:: About this task ::
Write out each record exactly as it stands. No pictures belong in the copy.

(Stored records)
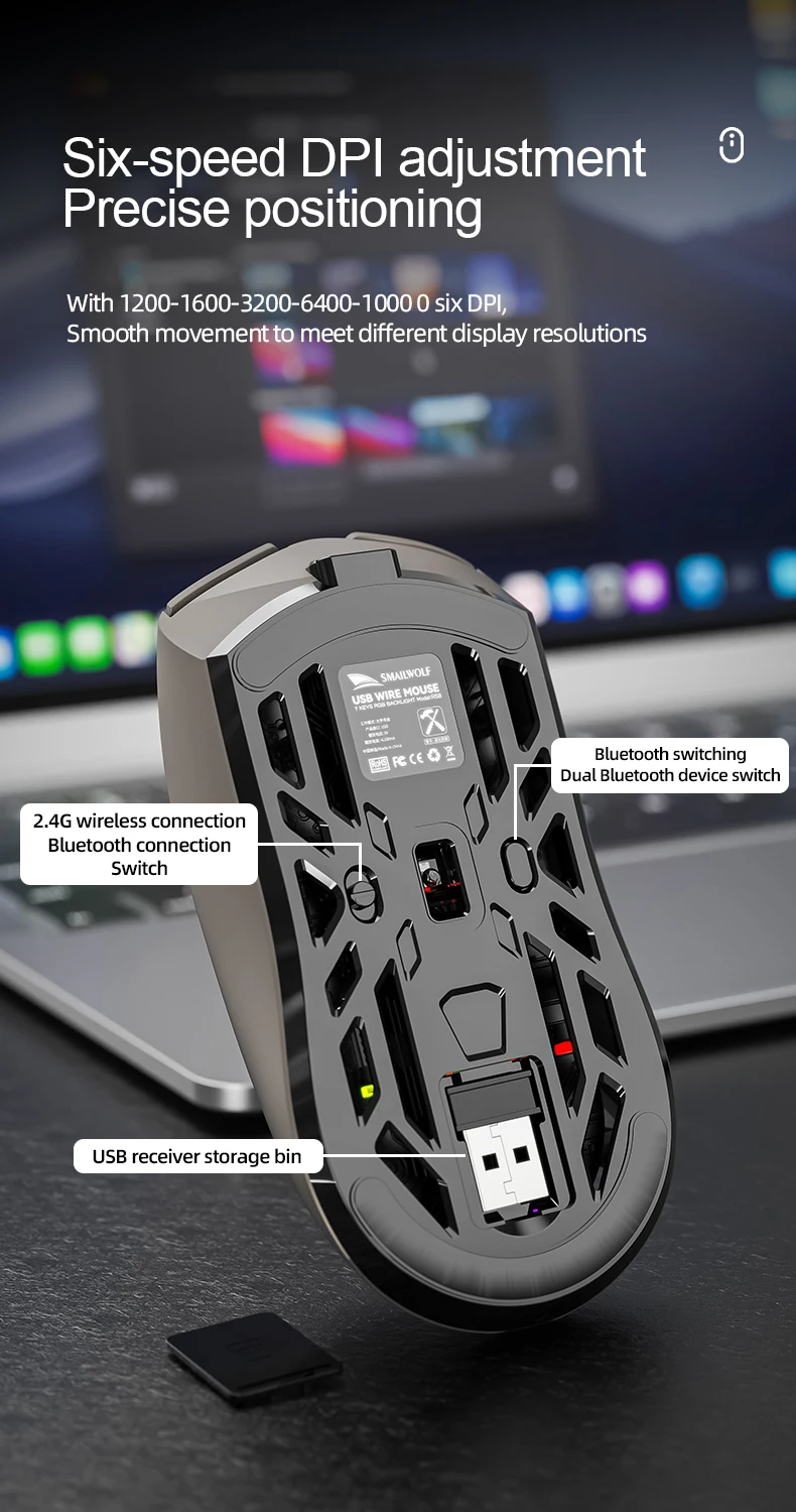 smailwolf RS8 Wireless Bluetooth mouse three-mode RGB lighting 10000DPI lightweight macro programming game mouse rechargeable
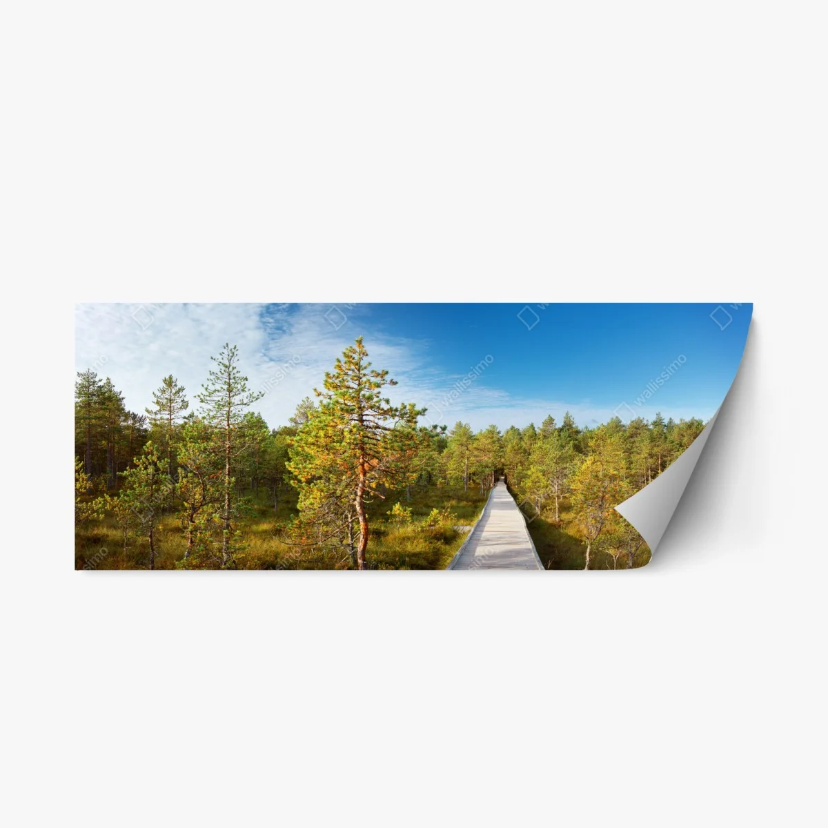 Repositionierbarer Aufkleber Sonniger steg durch den kiefernwald
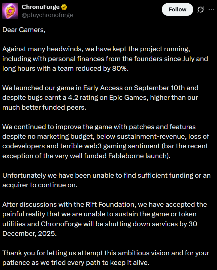 Theo thông báo chính thức từ đội ngũ phát triển, ChronoForge buộc phải ngừng hoạt động do thiếu hụt nguồn vốn, khó khăn trong việc thu hút người chơi thực sự, và sự suy giảm niềm tin chung vào các dự án Web3 trong thời gian gần đây.
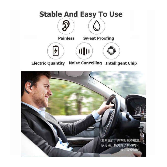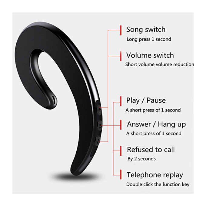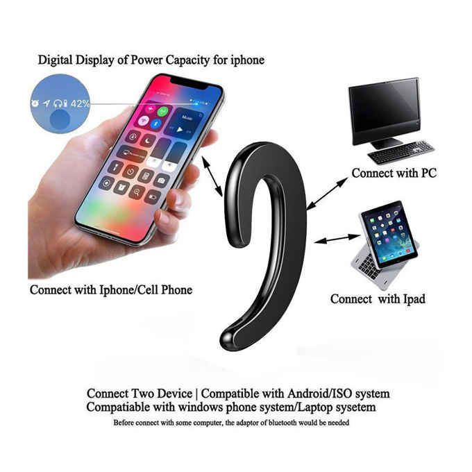 COMFORT WEARING - Be free to choose exchange your left and right ear wearing, with glasses do not affect the wear. Compatible For iOS, for Android, for WP system, as long as the devices have Bluetooth, it can be used.Bluetooth 4.2 Bone conduction headphoneSINGLE EAR HOOK TYPE HEADPHONES - Small and covert, more comfortable. is very light, painless wearing in long time use, latest concept ergonomics design fully fit outside the auricle.CLEAR CALL AND HIGH QULITY - Built-in high-performance lithium battery, 5-6 hours continuous play, 5-6hours continuous call, 1-2hours fast .SPEAKER UNIT IS EXTERNAL - Loudspeaker close to the ear but it is not inside the ear. It will help listens to the surroundings at the same time, let you keep safety for biking, running, driving and more portable for business, work.
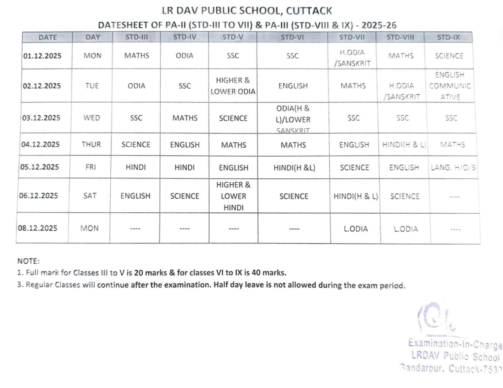 DATE-SHEET OF PA-II (STD: III-VII) & PA-III (STD: VIII, IX): 2025-26
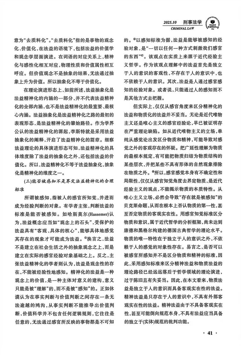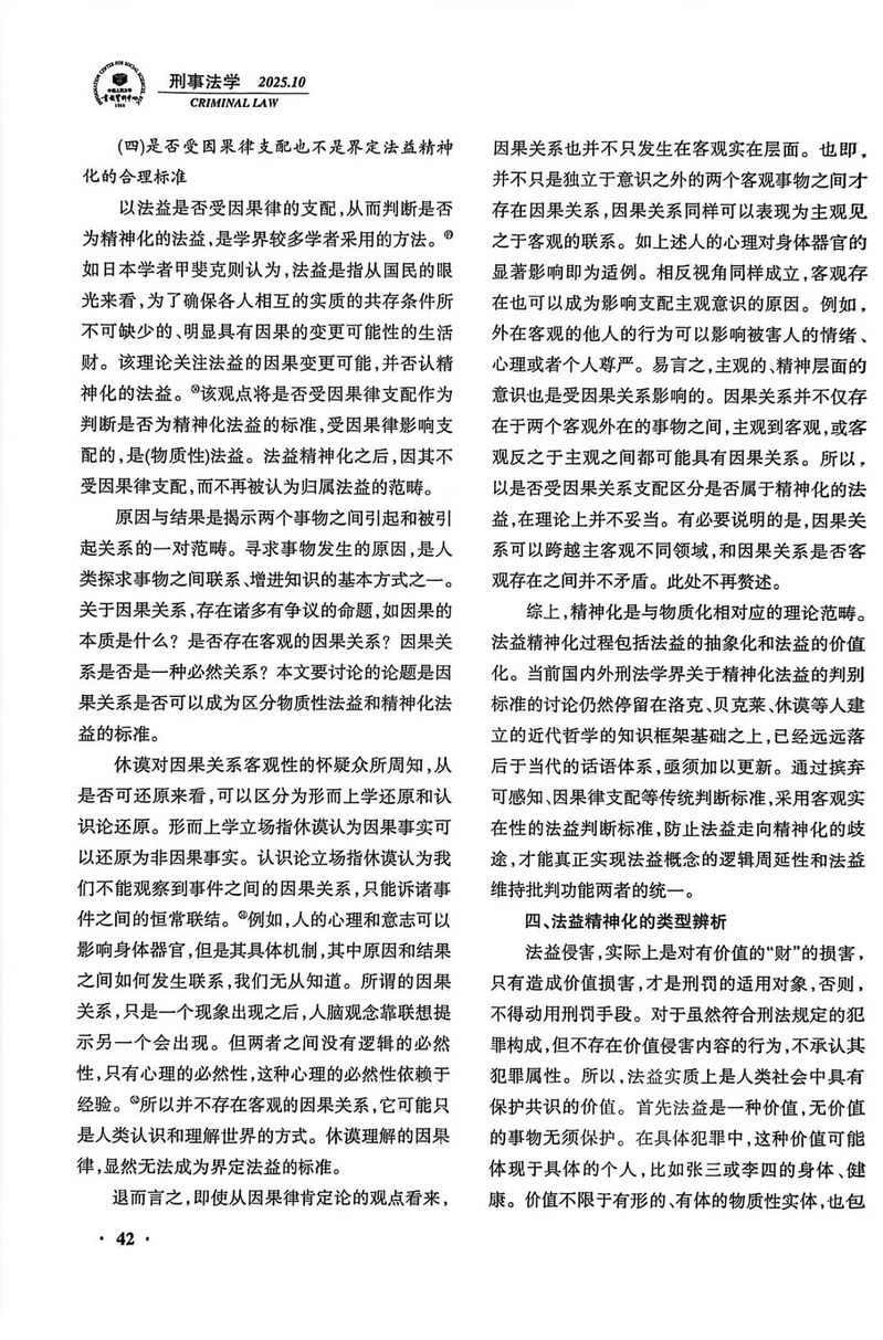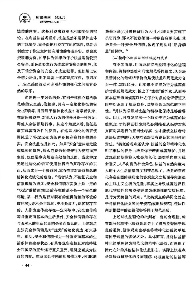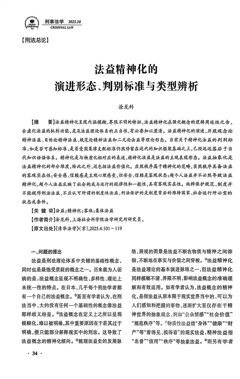 【学术研究】涂龙科:《法益精神化的演进形态、判别标准与类型辨析》获《人大复印报刊资料·刑事法学》2025年第10期转载

:: Exercise result ::
 smailwolf RS8 Wireless Bluetooth mouse three-mode RGB lighting 10000DPI lightweight macro programming game mouse rechargeable
 Repositionierbarer Aufkleber Sonniger steg durch den kiefernwald
 Theo thông báo chính thức từ đội ngũ phát triển, ChronoForge buộc phải ngừng hoạt động do thiếu hụt nguồn vốn, khó khăn trong việc thu hút người chơi thực sự, và sự suy giảm niềm tin chung vào các dự án Web3 trong thời gian gần đây.
 COMFORT WEARING - Be free to choose exchange your left and right ear wearing, with glasses do not affect the wear. Compatible For iOS, for Android, for WP system, as long as the devices have Bluetooth, it can be used.Bluetooth 4.2 Bone conduction headphoneSINGLE EAR HOOK TYPE HEADPHONES - Small and covert, more comfortable. is very light, painless wearing in long time use, latest concept ergonomics design fully fit outside the auricle.CLEAR CALL AND HIGH QULITY - Built-in high-performance lithium battery, 5-6 hours continuous play, 5-6hours continuous call, 1-2hours fast .SPEAKER UNIT IS EXTERNAL - Loudspeaker close to the ear but it is not inside the ear. It will help listens to the surroundings at the same time, let you keep safety for biking, running, driving and more portable for business, work.
 DATE-SHEET OF PA-II (STD: III-VII) & PA-III (STD: VIII, IX): 2025-26
 【学术研究】涂龙科:《法益精神化的演进形态、判别标准与类型辨析》获《人大复印报刊资料·刑事法学》2025年第10期转载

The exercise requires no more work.